■ **WHAT IS NEEDED**
Pictures stay out of the answer, but every line of the material must be restated exactly.

■ **RECORDS FOR PROCESSING**
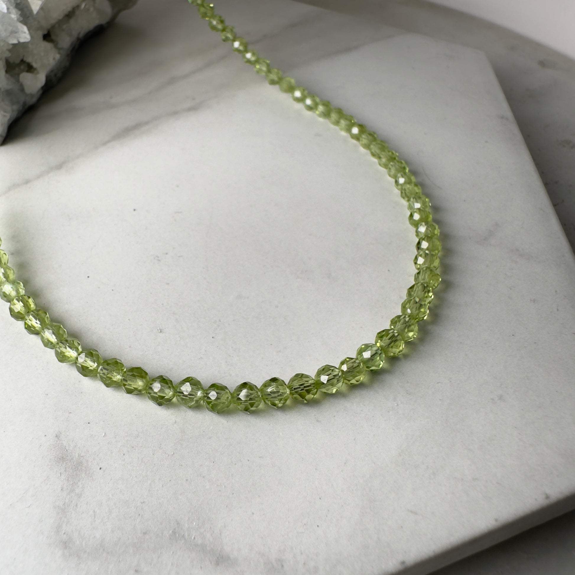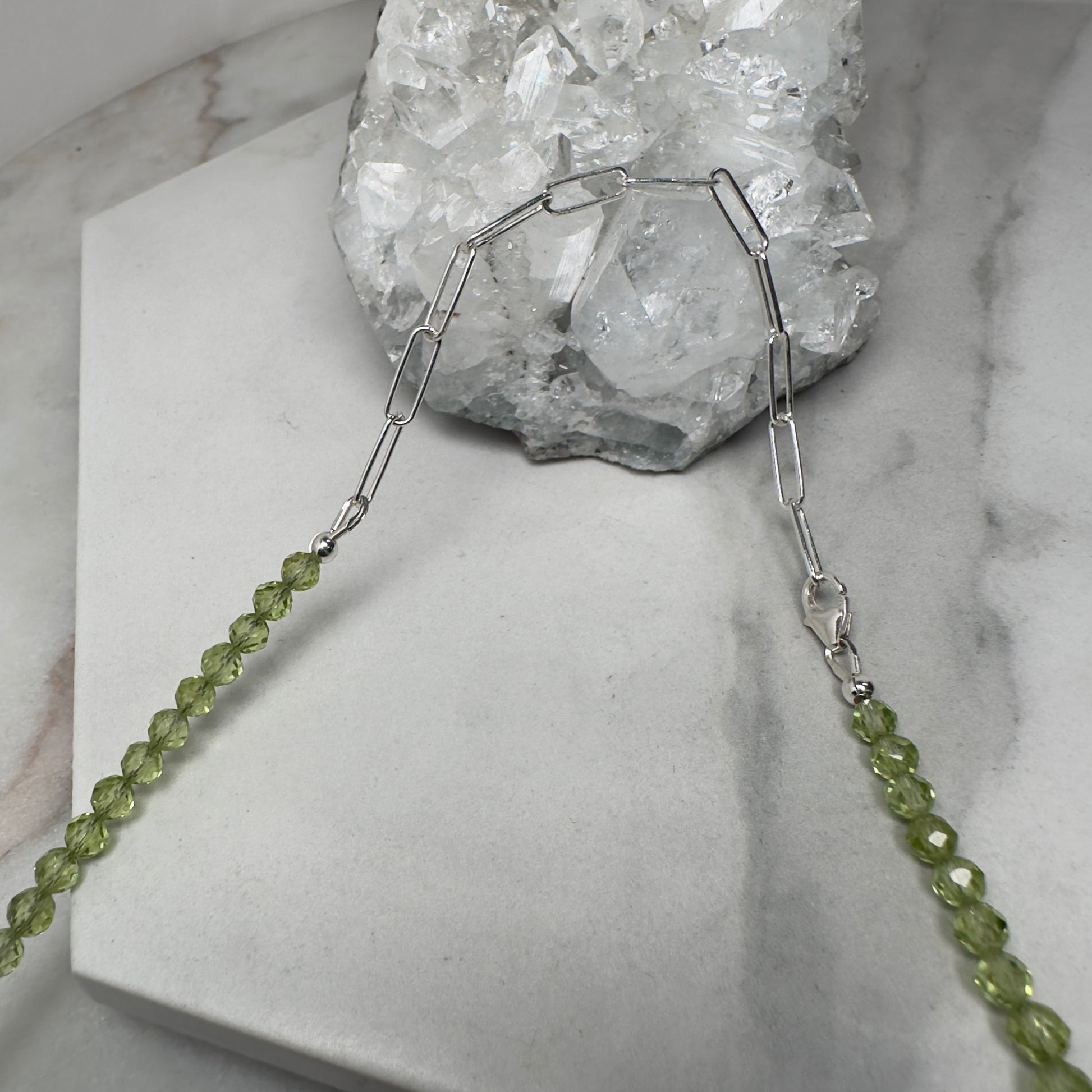 This necklace features faceted peridot beads strung on a stainless steel cable, with a sterling silver clasp. The length is adjustable and can be worn from 16 to 20 inches, making it great for layering.
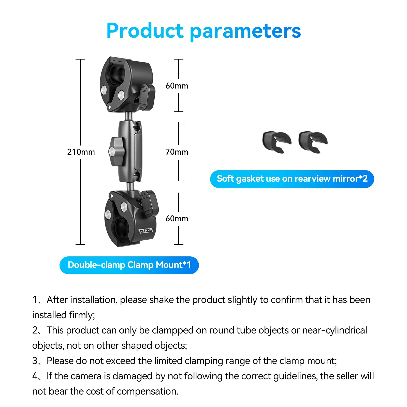 Featuring a bionic crab pincer clamp design, this mount offers exceptional grip, ensuring your camera stays secure throughout the ride. Whether you're mounting on a car, tube, bike, or motorcycle, the TELESIN is designed for quick assembly and disassembly, making it a breeze to use.
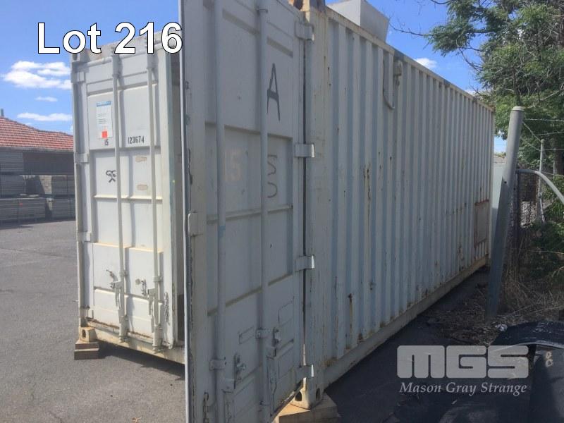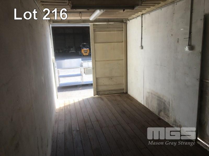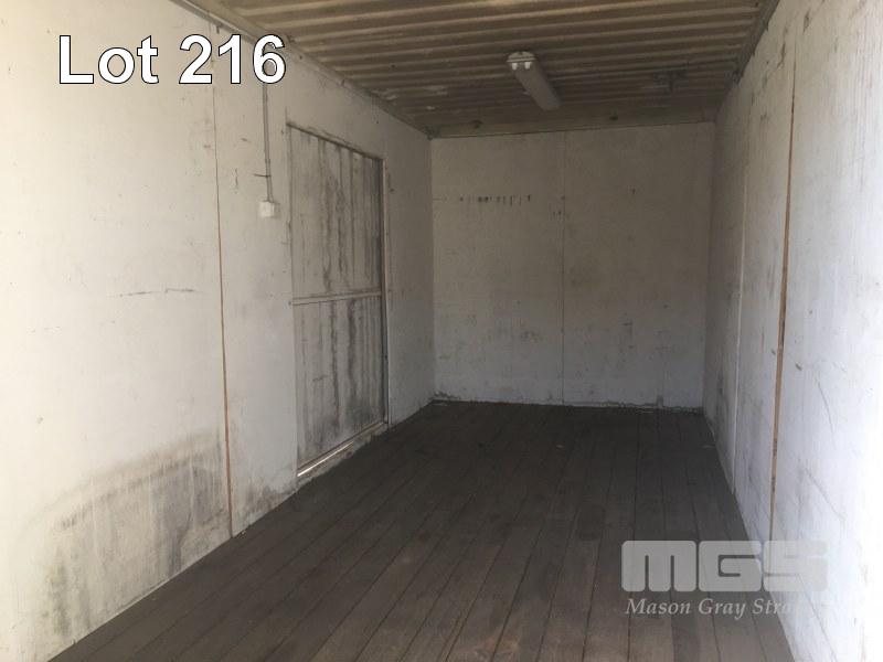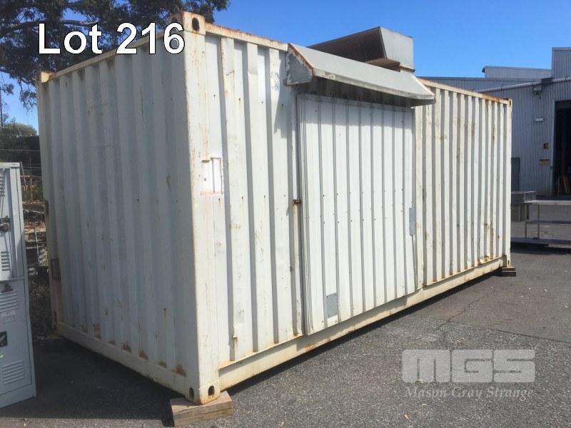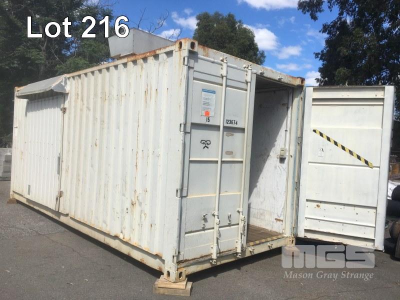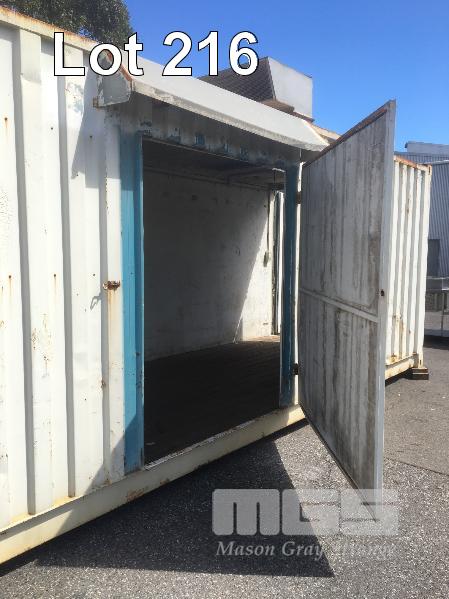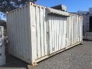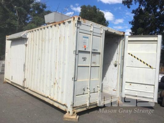 20' SHIPPING CONTAINER, MODIFIED WITH SWING OPEN SIDE DOOR, POWER, INTERNAL LIGHTING, AIR VENT, WHITE, SOME SMALL RUST HOLES
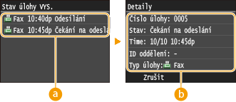 <Detaily>Umožňuje zobrazení podrobných informací týkajících se dokumentů vybraných ze seznamu. Pokud je zadán větší počet míst určení, zobrazí se na obrazovce jejich počet. Chcete-li zkontrolovat podrobnosti o více zadaných místech určení, klepněte na tlačítko <Místo určení>.
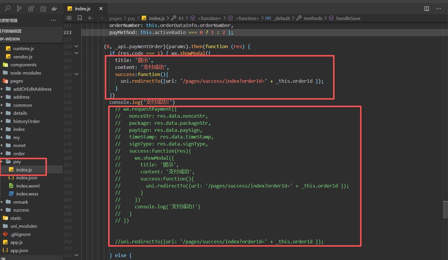 在前端程序中的pay中直接修改代码如下重新编译即可
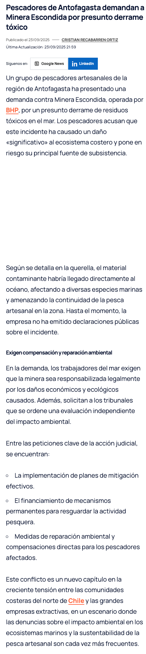 Pescadores artesanales de Antofagasta demandan a Minera Escondida tras derrame que afectó el borde costero - (regionalista.cl)
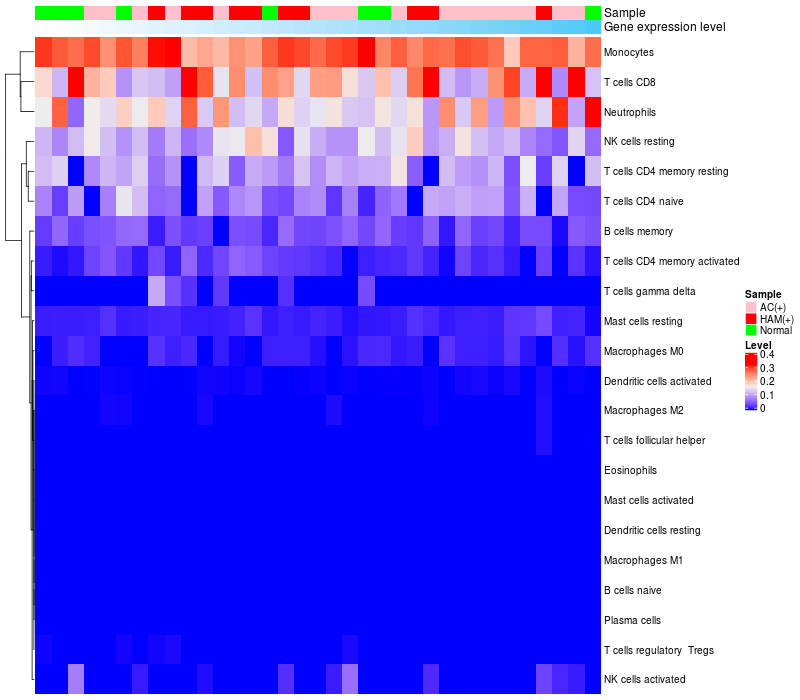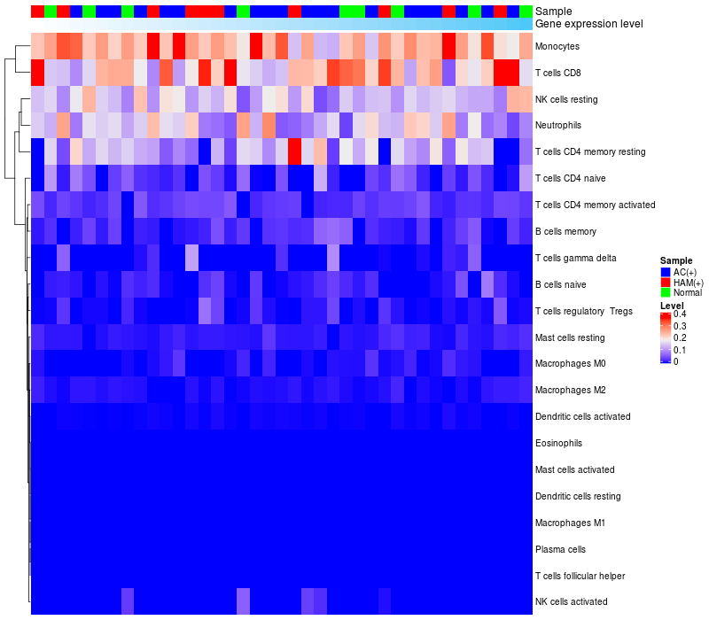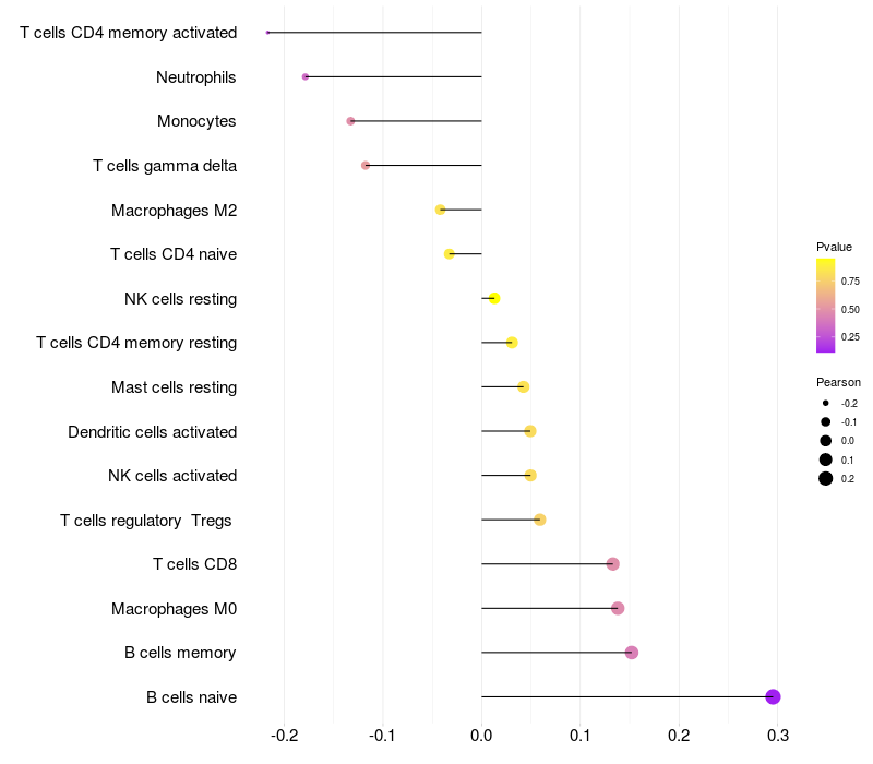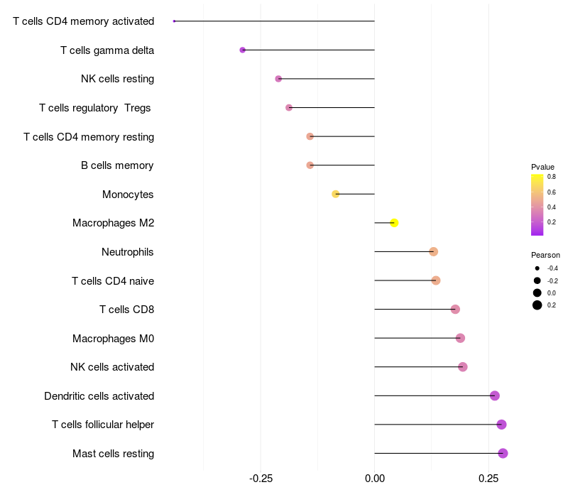 Relationship between gene expression and immune infiltrating cell level
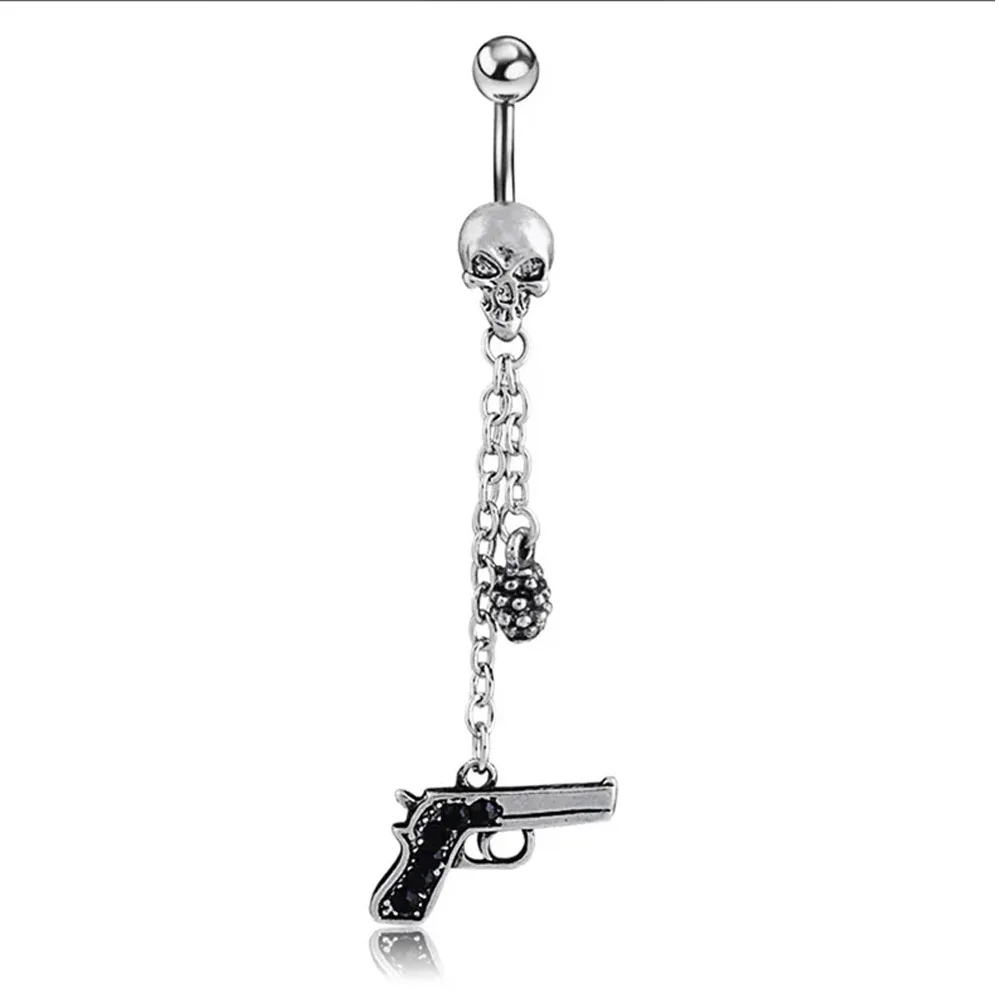 1pcs Vintage Skull Gun Dangled Belly Button Rings Stainless Tassel ...

■ **RESULT OF THE EXERCISE**
 This necklace features faceted peridot beads strung on a stainless steel cable, with a sterling silver clasp. The length is adjustable and can be worn from 16 to 20 inches, making it great for layering.
 Featuring a bionic crab pincer clamp design, this mount offers exceptional grip, ensuring your camera stays secure throughout the ride. Whether you're mounting on a car, tube, bike, or motorcycle, the TELESIN is designed for quick assembly and disassembly, making it a breeze to use.
 20' SHIPPING CONTAINER, MODIFIED WITH SWING OPEN SIDE DOOR, POWER, INTERNAL LIGHTING, AIR VENT, WHITE, SOME SMALL RUST HOLES
 <Detaily>Umožňuje zobrazení podrobných informací týkajících se dokumentů vybraných ze seznamu. Pokud je zadán větší počet míst určení, zobrazí se na obrazovce jejich počet. Chcete-li zkontrolovat podrobnosti o více zadaných místech určení, klepněte na tlačítko <Místo určení>.
 在前端程序中的pay中直接修改代码如下重新编译即可
 Pescadores artesanales de Antofagasta demandan a Minera Escondida tras derrame que afectó el borde costero - (regionalista.cl)
 Relationship between gene expression and immune infiltrating cell level
 1pcs Vintage Skull Gun Dangled Belly Button Rings Stainless Tassel ...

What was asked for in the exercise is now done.